Synchronous Commit
Purpose
Synchronous Commit addresses the need for guaranteed persistence of Kafka consumer offsets before advancing message processing. Within the broader offset commit management topic, this subtopic ensures that offset commits to Kafka brokers happen in a blocking manner: the consumer waits until Kafka acknowledges the commit. This is critical in scenarios requiring strong delivery guarantees (e.g., exactly-once or at-least-once processing) where losing offset commit information could lead to message reprocessing or data inconsistency.
Unlike asynchronous or no-op commits, synchronous commits trade throughput for reliability by making sure offset updates are durably stored before proceeding to fetch new records.
Functionality
The core responsibilities include:
Offset Caching: Tracking the latest processed offsets per topic partition locally before committing.
Blocking Commit Calls: Performing blocking
commitSync()operations on the Kafka consumer to persist offsets.Partition-Specific Commits: Allowing commits of offsets for individual partitions for fine-grained control.
Offset Repository Integration: Optionally persisting offsets to an external state repository alongside Kafka commits.
Timeout Handling: Enforcing commit timeout configuration to avoid indefinite blocking.
Key Workflow
Record Offsets: As messages are processed, offsets are recorded via the
recordOffsetmethod into a local cache.Commit Offsets: When a commit is triggered, either automatically or explicitly for specific partitions, the manager retrieves the cached offset, increments it by one (Kafka expects the next message offset), and issues a synchronous commit via Kafka's
commitSync()method.State Repository Persistence: If configured, the committed offset is also saved to an external offset repository to support additional offset tracking or recovery mechanisms.
Cache Cleanup: After successful commit, the committed offsets are removed from the local cache to avoid redundant commits.
Code Interaction Snippet
@Override
public void commitSync(TopicPartition partition) {
Long offset = offsetCache.getOffset(partition);
if (offset == null) {
return;
}
long lastOffset = offset + 1;
Map<TopicPartition, OffsetAndMetadata> offsets = Collections.singletonMap(
partition, new OffsetAndMetadata(lastOffset));
consumer.commitSync(offsets, Duration.ofMillis(configuration.getCommitTimeoutMs()));
if (offsetRepository != null) {
saveStateToOffsetRepository(partition, lastOffset, offsetRepository);
}
offsetCache.removeCommittedEntries(offsets, null);
}
This snippet highlights the synchronous commit execution, including timeout control and optional repository persistence.
Integration
Synchronous Commit is a concrete implementation of the broader Offset Commit Management strategy. It integrates tightly with:
Kafka Consumer Layer: It uses the Kafka client consumer to perform blocking commits, ensuring the consumer’s offset state is safely stored before continuing.

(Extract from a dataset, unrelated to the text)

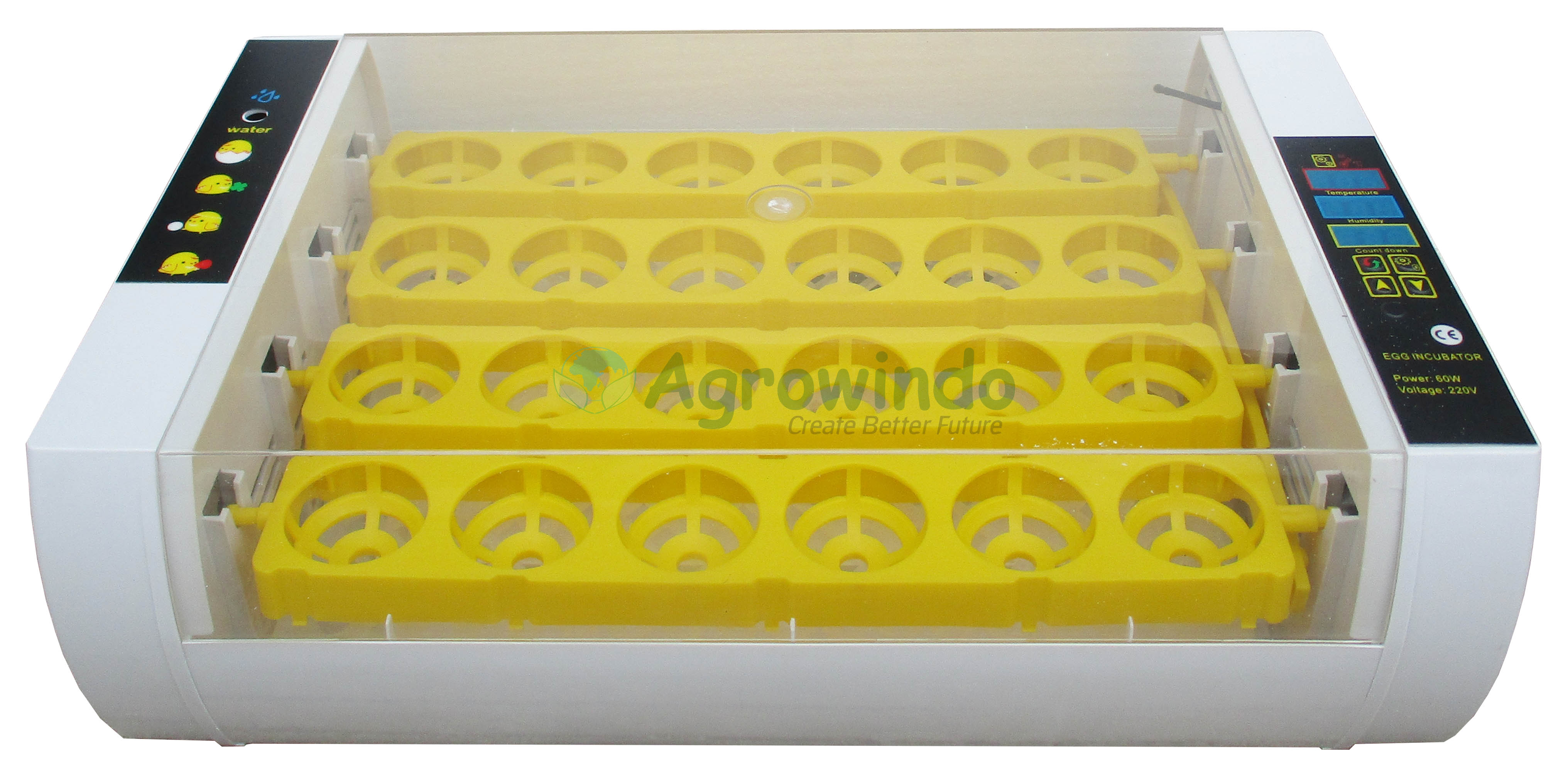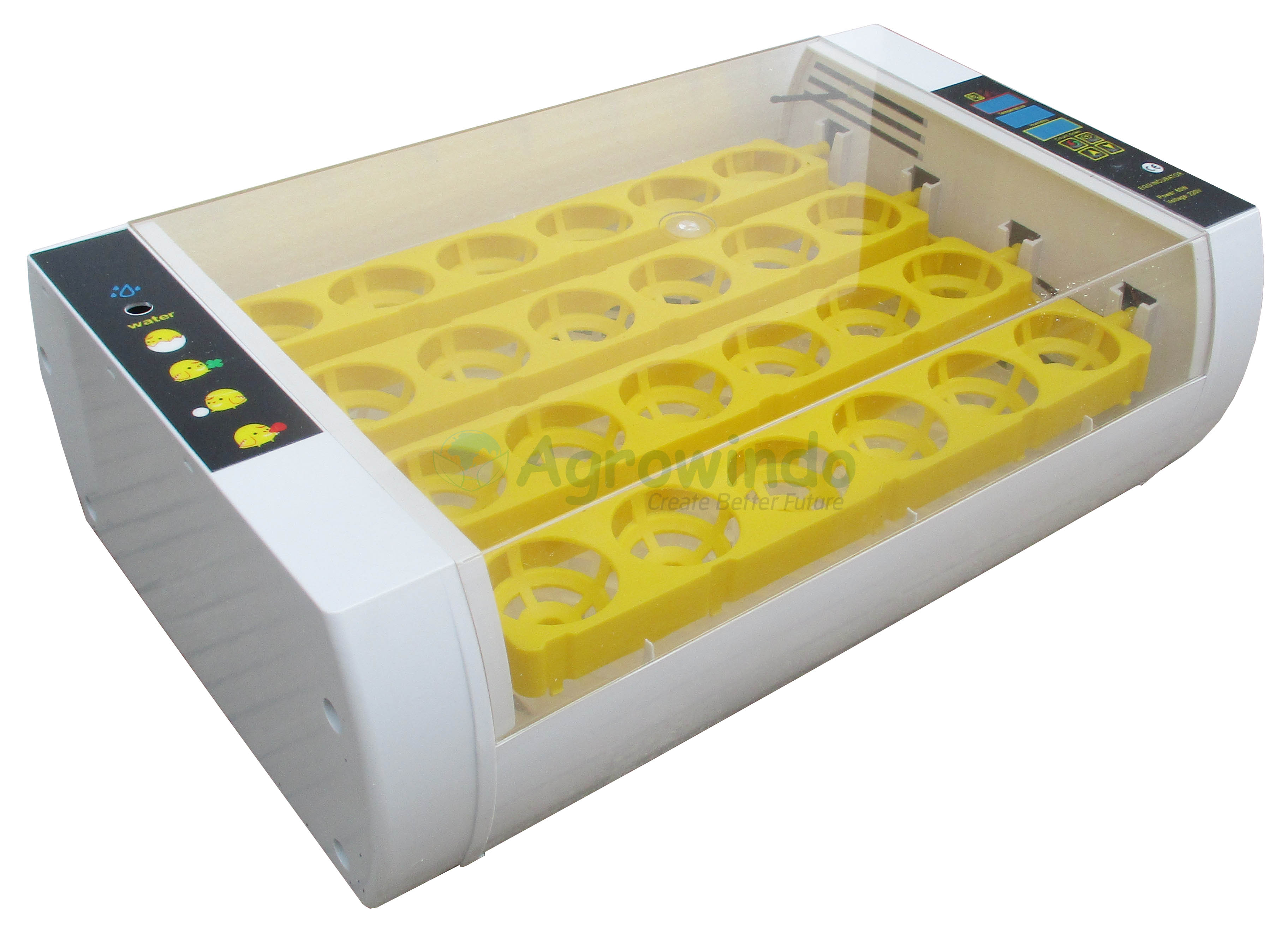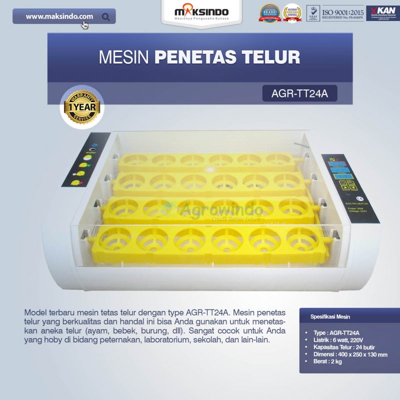 Model terbaru mesin tetas telur dengan type AGR-TT24A. Mesin penetas telur yang berkualitas dan handal ini bisa Anda gunakan untuk menetaskan aneka telur (ayam, bebek, burung, dll). Sangat cocok untuk Anda yang hoby di bidang peternakan, laboratorium, sekolah, dan lain-lain.

Offset Cache: Maintains an in-memory cache of offsets that have been processed but not yet committed, allowing efficient commits without redundant offset retrieval.
Offset Repository (Optional): Supports external state persistence for offset recovery, complementing Kafka’s internal offset storage.
Other Commit Strategies: Coexists with asynchronous and no-op commit managers, allowing users to select commit semantics based on their use case's reliability vs. performance trade-offs.
Manual Commit APIs: When combined with manual commit support, synchronous commit offers deterministic control over when offsets are persisted.
By providing a synchronous commit mechanism, this subtopic ensures that the Kafka consumer can guarantee offset persistence with minimal risk of message duplication due to offset loss, thus enhancing fault tolerance in critical processing pipelines.
Diagram
flowchart TD
ProcessedMsgs[Processed Messages] --> RecordOffset[Record Offset in Cache]
RecordOffset --> CheckCommitTrigger{Commit Needed?}
CheckCommitTrigger -- No --> Continue[Continue Processing]
CheckCommitTrigger -- Yes --> FetchOffset[Get Cached Offset]
FetchOffset --> IncrementOffset[Increment Offset by 1]
IncrementOffset --> CommitToKafka[commitSync(offset)]
CommitToKafka -->|Success| UpdateRepo[Save Offset to Repository (Optional)]
UpdateRepo --> ClearCache[Remove Committed Offset from Cache]
ClearCache --> Continue
CommitToKafka -->|Failure| HandleError[Handle Commit Failure]
This flowchart illustrates the synchronous commit process starting from offset recording through to committing offsets synchronously to Kafka, optionally persisting to an external repository, and cleaning up the cache for continued processing.